The Converge Distribution Protocol is a peer to peer message based protocol that all nodes use to exchange data with each other. It can run over any transport that can reliably pass sufficiently large datagrams.

Operations

The protocol is based on granting and invoking capabilities. These capabilities are represented by byte strings that are meaningful to the recipient, but opaque to any callers. The only requirement is that they be unforgeable, so they may be anything from an encrypted and authenticated payload to random bytes indexing into a local database.

Give

The give message provides the peer with a capability and an explanation as to how the capability may be used. It does not request any response.

Explain

The explain message requests an explanation as to how a set of capabilities may be used with this peer.
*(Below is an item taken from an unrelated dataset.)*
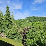 Из дома отдыха открывается вид на горы с террасы. В ванной комнате также есть душ.

This explanation takes the form of replies of give messages.

Note that the peer should always return a give message, even if it just explains that the capability is meaningless.

Delegate

Requests a capability that has the functionality of the greatest lower bound of the provided capability and explanation.

For example, a capability that can fetch anything could be delegated into one that can only fetch a specific reference.

Select

FIXME: not sure what i think of including this one

The select message requests a list of capabilities the peer grants the requestor that match a particular explanation. This does not list all the capabilities that are valid for the requestor to use, merely those specifically recorded as granted to that requestor. These capabilities are returned in give messages.

This enables peers to host public content without distributing capabilities beforehand.

Invoke

Invokes this capability, providing any required parameters. Invocation also includes any capabilities needed to respond, along with their explanations.

Capabilities

The actual distribution and synchronization of data takes place over invoke messages.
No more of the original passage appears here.